🤖 AI Summary
This work addresses the challenges of instance segmentation in plankton microscopic images, where scarce annotations, cluttered backgrounds, and overlapping organisms hinder performance. To overcome these issues, the authors propose PlankFormer, a novel framework that integrates a generative pseudo-community image synthesis strategy to augment training data and combines a Mask2Former decoder with a Vision Transformer pretrained via Masked Autoencoders (MAE) in a self-supervised manner. This design substantially reduces reliance on pixel-level annotations. Experimental results on real-world datasets demonstrate that PlankFormer significantly outperforms baseline methods such as Mask R-CNN, particularly in high-clutter scenarios, achieving more robust and accurate instance segmentation of plankton.
📝 Abstract
Plankton monitoring is essential for assessing aquatic ecosystems but is limited by the labor-intensive nature of manual microscopic analysis.

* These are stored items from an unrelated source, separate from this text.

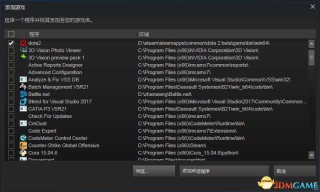 像这样 勾选dota2 就可以了,点击那个添加所选程序。
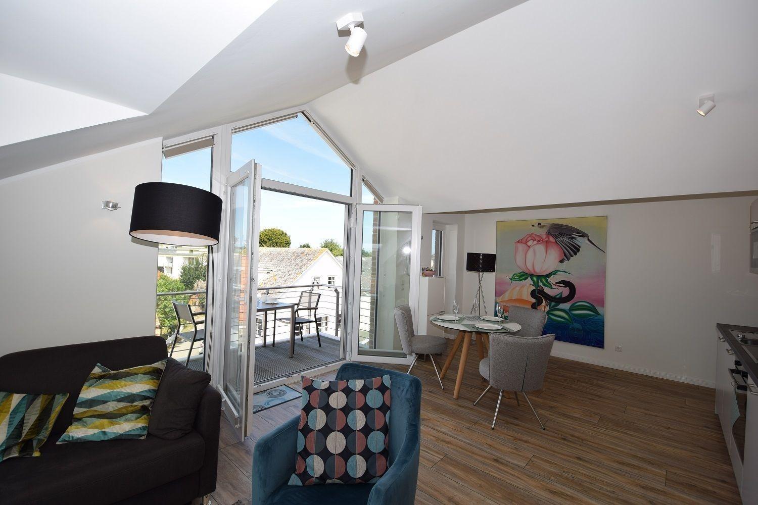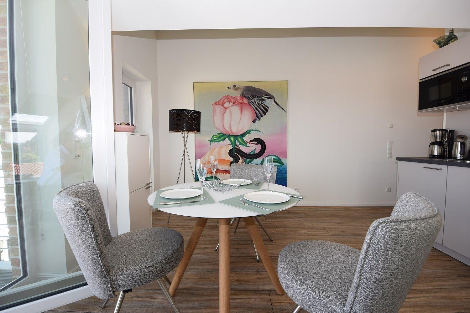 Die Studiowohnung "Storchennest" im Haus Meeresblick bietet Platz für zwei bis drei Personen und überzeugt durch ihre helle, moderne Ausstattung. Der Wohnraum ist lichtdurchflutet und verfügt über eine große Fensterfront sowie ein gemütliches Sofa, das zum Entspannen einlädt. Eine offene Küche mit angrenzendem Essplatz ist umfangreich ausgestattet, darunter Herd, Backofen, Kühlschrank mit Gefriermöglichkeit, Kaffeemaschinen und eine Spülmaschine. Das komfortable Schlafzimmer ist mit einem großen Doppelbett und einem großzügigen Schrank für ausreichend Stauraum ausgestattet. Das moderne Duschbad bietet eine bodentiefen Dusche, einen Waschtisch mit Spiegel und einen Handtuchwärmer. Ein Balkon mit Möbeln lädt dazu ein, die frische Luft zu genießen. WLAN ist verfügbar und ein Lift sorgt für barrierefreien Zugang. Haustiere sind erlaubt, maximal zwei mittelgroße Hunde.
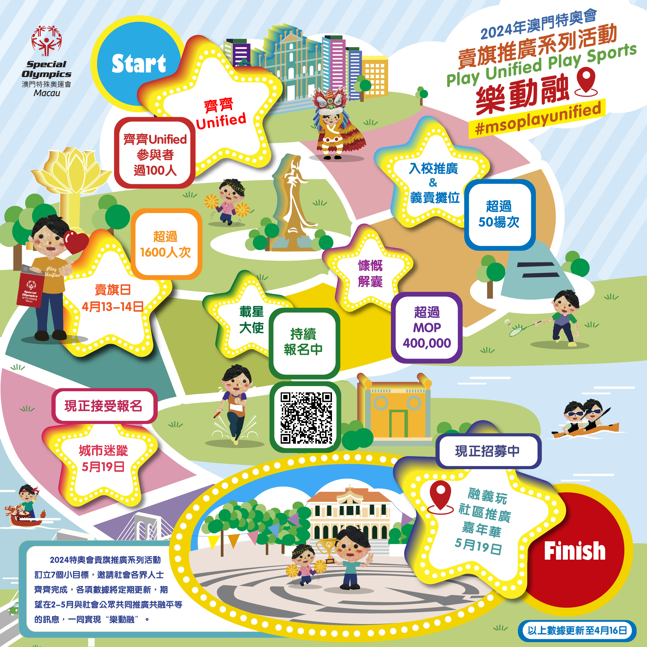 由澳門特殊奧運會主辦的「2024澳門特奧會賣旗推廣系列活動—Play Unified, Play Sports樂動融 」於二月至五月透過不同形式的活動於社區上推廣「共融和平」訊息。系列活動之一的特奧賣旗日已於4月13以及14日圓滿完行,於全澳各地區共籌得善款逾澳門元40萬用於特殊人士服務;而慈善捐款以及一系列的推廣活動亦仍在進行中。

Automating the segmentation of plankton from crowded images is crucial, however, it faces two major challenges: (i) the scarcity of pixel-level annotated datasets and (ii) the difficulty of distinguishing plankton from debris and overlapping individuals using conventional CNN-based methods. To address these issues, we propose PlankFormer, a novel framework for plankton instance segmentation. First, to overcome the data shortage, we introduce a method to generate labeled Pseudo Community Images (PCI) by synthesizing individual plankton images onto diverse backgrounds, including those created by generative models. Second, we propose a segmentation model utilizing a Vision Transformer (ViT) backbone with a Mask2Former decoder. To robustly capture the global structural features of plankton against occlusion and debris, we employ a Masked Autoencoder (MAE) for self-supervised pre-training on unlabeled individual images. Experimental results on real-world datasets demonstrate that our method significantly outperforms conventional methods, such as Mask R-CNN, particularly in challenging environments with high debris density. We demonstrate that our synthetic training strategy and MAE-based architecture enable high-precision segmentation with requiring less manual annotations for individual plankton images.